Sent from my SM-N910P using Tapatalk


----------



## ShadeSlayer (Jul 5, 2015)

aclark said:


> That's an interesting idea. I have 2 Marineland 350 Mag filters that I use, but I currently have both setup on their own intakes and outflows. I had an idea of combining the outflows into one spraybar (_see below_), but I never thought about daisy chaining them together. Please post back if you do attempt this, and let us know how it works.
> Only problems I could see is the first filter (mech) slowing the flow too much for the bio filter, since the bio filter would in theory have less resistance, and might push water out faster than it comes in.


Thanks if I find I can't use my idea I most likely will try this out

Sent from my SM-N910P using Tapatalk


----------



## thedood (May 30, 2015)

I personally like the second idea better. Less to go wrong. For example in the first idea if either filter quite pumping you would have an issue. With the second drawing it would only mean reduced flow.
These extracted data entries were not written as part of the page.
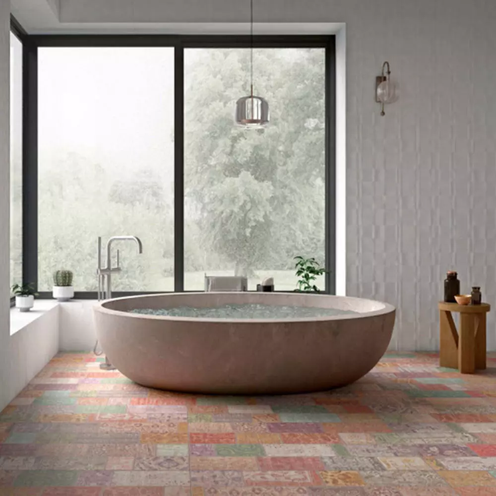 A vibrant patchwork of distressed oriental rug motifs arranged in stitched panels brings eclectic, hand‑loomed character to modern bathrooms, kitchens, cafes, and boho living spaces without overwhelming the room . Faded teal, coral, saffron, and plum blocks emulate time‑worn textiles while retaining crisp print clarity for large‑format panels and seamless tiling across broad surfaces . Perfect for floor or wall applications in CGI staging and decor mockups, the artwork scales cleanly and maintains woven‑fiber texture for a convincingly tactile finish, as shown in the lifestyle preview with spa tub setting .
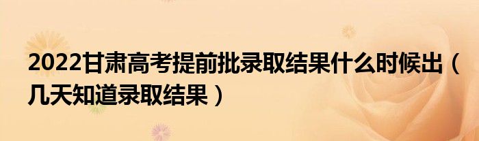 大家好,小高來為大家解答以上問題。2022甘肅高考提前批錄取結(jié)果什么時候出,幾天知道錄取結(jié)果很多人還不知道,現(xiàn)在讓我們一起來看看吧!
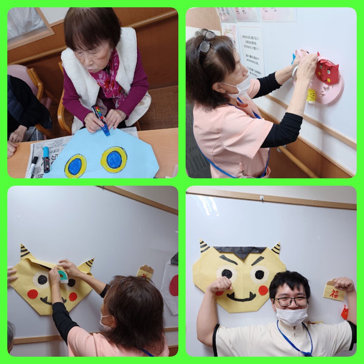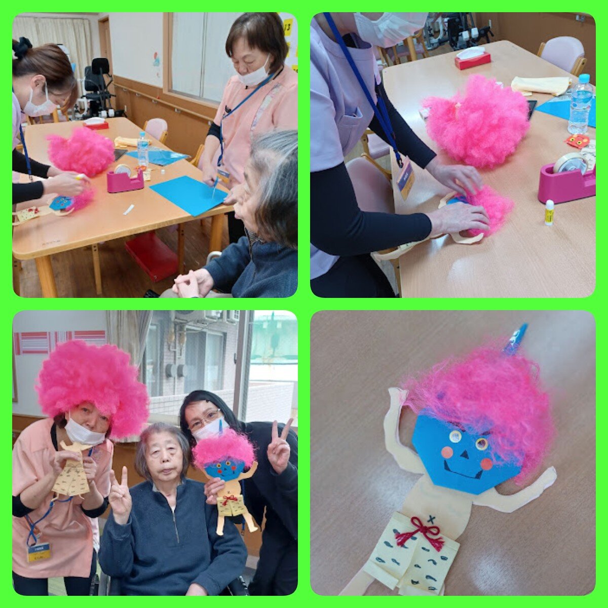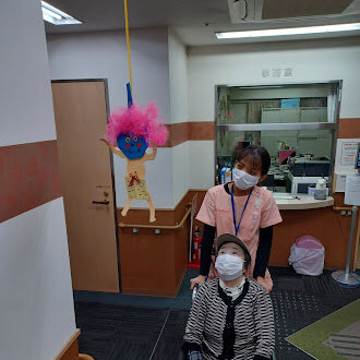 平野喜連事務所前でアフロヘアーの鬼さんが

The second plan would also allow you to keep running while you tear one of the filters down for maintenance, assuming you build the plumbing correctly.


----------



## Nordic (Nov 11, 2003)

I would go for batting Large quantities of dirty floss is a yucky mission to deal with when you are done with it.
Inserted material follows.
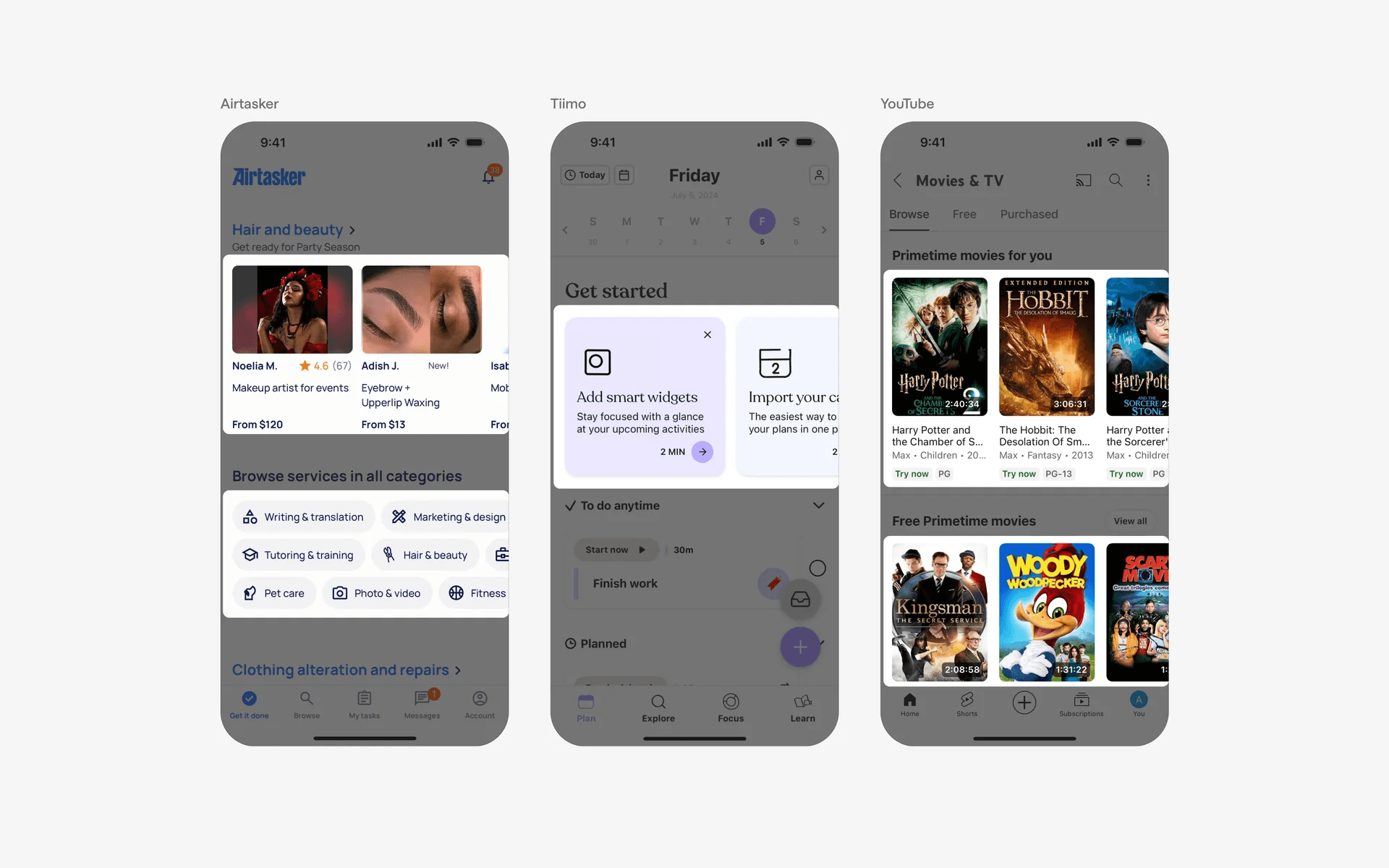 On the home screens of apps, carousels may be used to categorise content. They are often used together with cards, where users can swipe through the carousel to explore different categories of the app.

What I have been eyeing is one of these mini (sand) pool filters that comes with larger portable swimming pools.
Although the target is for a pond.


----------



## ShadeSlayer (Jul 5, 2015)

Nordic said:


> I would go for batting Large quantities of dirty floss is a yucky mission to deal with when you are done with it.
> 
> What I have been eyeing is one of these mini (sand) pool filters that comes with larger portable swimming pools.
> Although the target is for a pond.


Ive had plenty of experience with cleaning the filthy floss but when it comes down to it i would prefer to do that than to have mulm and detritus reach the bio media

Sent from my SM-N910P using Tapatalk


----------



## ShadeSlayer (Jul 5, 2015)

thedood said:


> I personally like the second idea better. Less to go wrong. For example in the first idea if either filter quite pumping you would have an issue. With the second drawing it would only mean reduced flow. The second plan would also allow you to keep running while you tear one of the filters down for maintenance, assuming you build the plumbing correctly.


My thing with it is that i want to be able to run the two as one whole so it's as if i have a six stage filter rather than two threes

Sent from my SM-N910P using Tapatalk


----------



## thedood (May 30, 2015)

@ShadeSlayer please keep us informed if you do this. I will subscribe as I am interested in how this works out for you. I want to add something else. If I was doing this I would consider using extra shutoff valves and place them strategically where you can see you might have to take apart the plumbing for cleaning and maintenance.


----------



## ShadeSlayer (Jul 5, 2015)

thedood said:


> @ShadeSlayer please keep us informed if you do this. I will subscribe as I am interested in how this works out for you. I want to add something else. If I was doing this I would consider using extra shutoff valves and place them strategically where you can see you might have to take apart the plumbing for cleaning and maintenance.


That's a great idea I'll definitely be doing that and at the current moment i can't afford to buy a new filter and likely won't be able to for some time but i will update when i do for sure

Sent from my SM-N910P using Tapatalk


----------



## aclark (Nov 15, 2015)

Only problem I've had was planning the actual plumbing with my idea. I was trying to use mostly hoses to keep from using 90* bends and reducing flow with barb -> pvc fittings. If someone has some ideas I'm more then open to trying to come up with a working model.


----------



## thedood (May 30, 2015)

aclark said:


> Only problem I've had was planning the actual plumbing with my idea. I was trying to use mostly hoses to keep from using 90* bends and reducing flow with barb -> pvc fittings. If someone has some ideas I'm more then open to trying to come up with a working model.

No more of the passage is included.